During lengthy public comment at the meeting, four area professors, a Boston city councillor, former gubenatorial candidate Grace C. Ross ’83, and a group of singing grandmothers voiced their objections to the facility, saying that the lab would endanger both its South End location and neighboring communities.
Although the Council vote cannot stop the construction, members said they were concerned that the effects of a pathogen leak would go beyond Boston city limits.
“If there is an accident, there is no recourse for us,” said Councillor E. Denise Simmons. “And if there is an accident in Boston, there goes Cambridge.”
According to the Centers for Disease Control and Prevention Web site, BSL-4 laboratories study “dangerous/exotic agents which pose high risk of life-threatening disease, aerosol-transmitted lab infections; or related agents with unknown risk of transmission.” In addition to the BU lab, six known BSL-4 laboratories currently exist in the United States, with another in the Rocky Mountains slated to open this year.
Intact samples of both smallpox and several varieties of viral hemorrhagic fever—including the Ebola virus—require a BSL-4 laboratory for study.
The Boston University facility is paid for in part by a one-time $120 million federal grant from the National Institute of Allergy and Infectious Diseases, a branch of the National Institutes of Health and the Department of Health and Human Services. The building will also house BSL-3 labs, which study pathogens with the potential for “serious health effects.” Many of these labs currently exist, including the Microbiology and Animal Resources Core Laboratory at the Harvard Medical School.
During the council meeting, David Ozonoff, professor and chairman emeritus of environmental health at the Boston University School of Public Health, said he felt compelled to appear before the council “out of a sense of conscience,” and that accidents at the BSL-4 facility could give way to “extremely high-consequence events.”

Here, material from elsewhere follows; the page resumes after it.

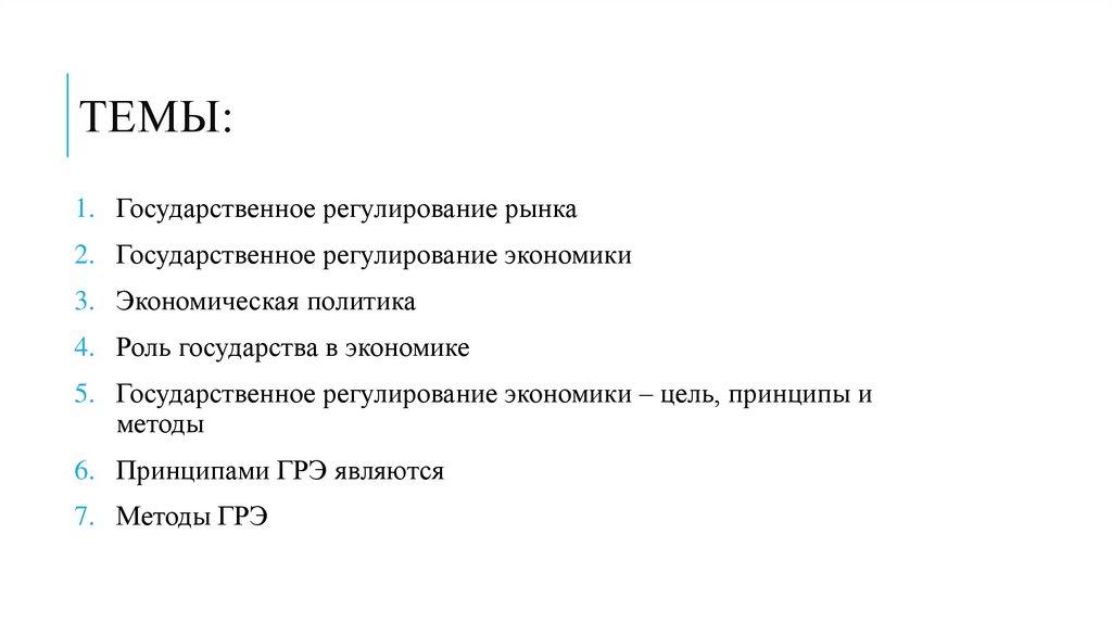 ТЕМЫ:1. Государственное регулирование рынка

“I’ve spent my entire 40-plus year career in public medicine, and I don’t believe this facility serves a genuine public health purpose,” he said. “This lab may very well...make not just Cambridge less safe, but the world less safe.”
Elliot G. Mishler, professor of social psychology at the Harvard Medical School, echoed the concerns of other speakers, saying that “accidents occur at all levels of bioresearch labs, and even though the risk is low, it is acknowledged that...this risk is not zero.”

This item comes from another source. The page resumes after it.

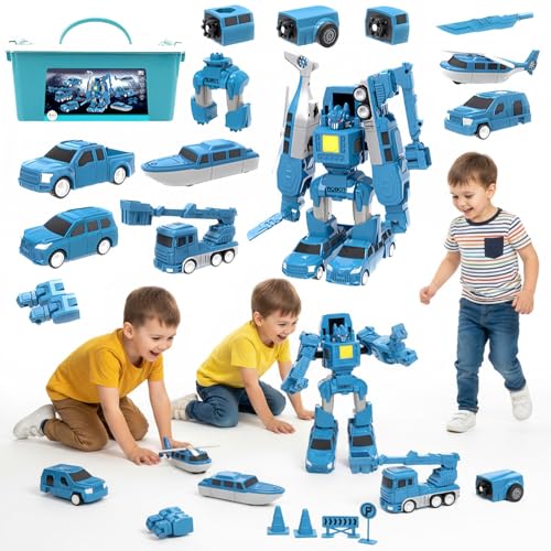 AtomDream Tech Transforming Robot Toy Car for Boys Ages 3-7 – 2-in-1 Action Figure Car Toys, Friction Powered Transforming Vehicle, Educational Robot Toy, Birthday Gift for Kids Boys Girls (Blue)

In addition to concerns about the facility itself, Boston City Councillor Charles H. “Chuck” Turner ’62 said at the meeting that he lacked confidence in BU’s safety procedures. Turner referred to a 2004 incident in which three BU researchers fell ill after unknowingly handling a contaminated strain of the bacteria tularemia.
However, according to the Boston Globe, BU officials did not report the illnesses to the Boston Public Health Commission until 28 days after DNA analyses revealed the strains under study had been contaminated. The Globe also revealed that BU failed to update its proposal for a BSL-4 lab, which claimed that BU labs had experienced no “laboratory-acquired infections” in more than 10 years, after the infections had been discovered.
“Boston University has not shown itself to be responsible in handling chemicals in its experimental work,” Turner said.
Officials from BU, the National Institute of Allergy and Infectious Diseases, and Mayor Thomas M. Menino’s office could not be reached for comment.